*HOW TO COMPLETE THIS TASK:* Could you retype, exactly and with no pictures, only the lines from the first line of the records below through the line that contains "Private patio or"?

Records from a collection:
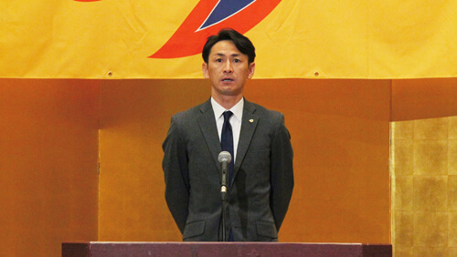 チームの勝利のために、全力で走るという、そういった決意や覚悟を持った選手27名、そしてスタッフ、総勢合わせて42名が、今日ここに集合しています。本日お集まりいただいたみなさまと一致団結して、ぜひ今シーズンこそ目標を達成したいと思っていますので、ぜひ今まで以上に熱いご支援、ご声援をよろしくお願いいたします。
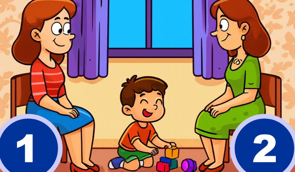 Amint azt a címből is tudod, a képpel kapcsolatban arra a kérdésre kell tippelned, hogy a két nő közül melyik is lehet a középen játszó kisfiú édesanyja. Ez most megint nem egy időzített játék, nem kell rohannod, gondolkozhatsz nyugodtan akármennyit. Aztán ha eldöntötted magadban, hogy ki lehet az anyuka, akkor görgess lejjebb.
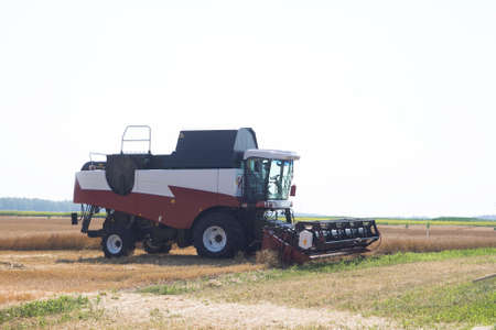 Agrarian industrial landscape with aggregates of a combine close-up, which collects a harvest on a rape field in a sunny day. (prosperity, food safety, recruitment - endpoint)
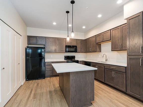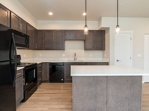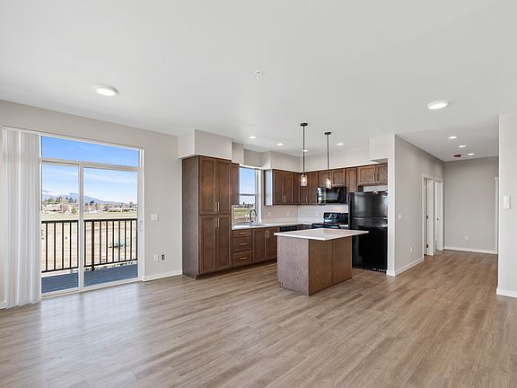 Private patio or deckSleek black appliancesWhite quartz kitchen islandsLight lvp flooringHuge slidersSoft bedroom carpetCustom cabinets
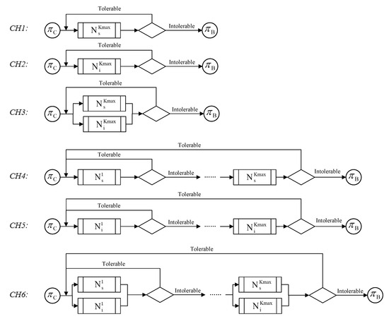The tolerance-aware composite heuristic neighborhood search further optimizes the scheduling scheme, deploying neighborhood structure construction operators to enhance the diversity of neighborhood solutions. It uses the value k to limit the size of the search space and introduces the concept of tolerance to ensure reasonable search boundaries. Based on the three neighborhood structure construction operators and the two neighborhood search methods proposed before, six composite neighborhood structures were constructed, and six corresponding composite heuristic neighborhood search methods were developed. The schematic diagram of the six composite heuristic algorithms is shown in Figure 6.
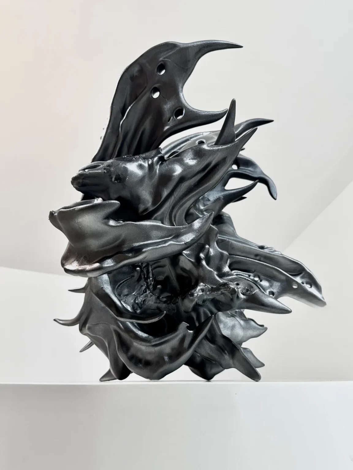 Fabricated from 3D-printed thermoplastic, post-processed via thermal manipulation, and finished with high-gloss industrial spray coating.

*YOUR SOLUTION:*
 チームの勝利のために、全力で走るという、そういった決意や覚悟を持った選手27名、そしてスタッフ、総勢合わせて42名が、今日ここに集合しています。本日お集まりいただいたみなさまと一致団結して、ぜひ今シーズンこそ目標を達成したいと思っていますので、ぜひ今まで以上に熱いご支援、ご声援をよろしくお願いいたします。
 Amint azt a címből is tudod, a képpel kapcsolatban arra a kérdésre kell tippelned, hogy a két nő közül melyik is lehet a középen játszó kisfiú édesanyja. Ez most megint nem egy időzített játék, nem kell rohannod, gondolkozhatsz nyugodtan akármennyit. Aztán ha eldöntötted magadban, hogy ki lehet az anyuka, akkor görgess lejjebb.
 Agrarian industrial landscape with aggregates of a combine close-up, which collects a harvest on a rape field in a sunny day. (prosperity, food safety, recruitment - endpoint)
 Private patio or deckSleek black appliancesWhite quartz kitchen islandsLight lvp flooringHuge slidersSoft bedroom carpetCustom cabinets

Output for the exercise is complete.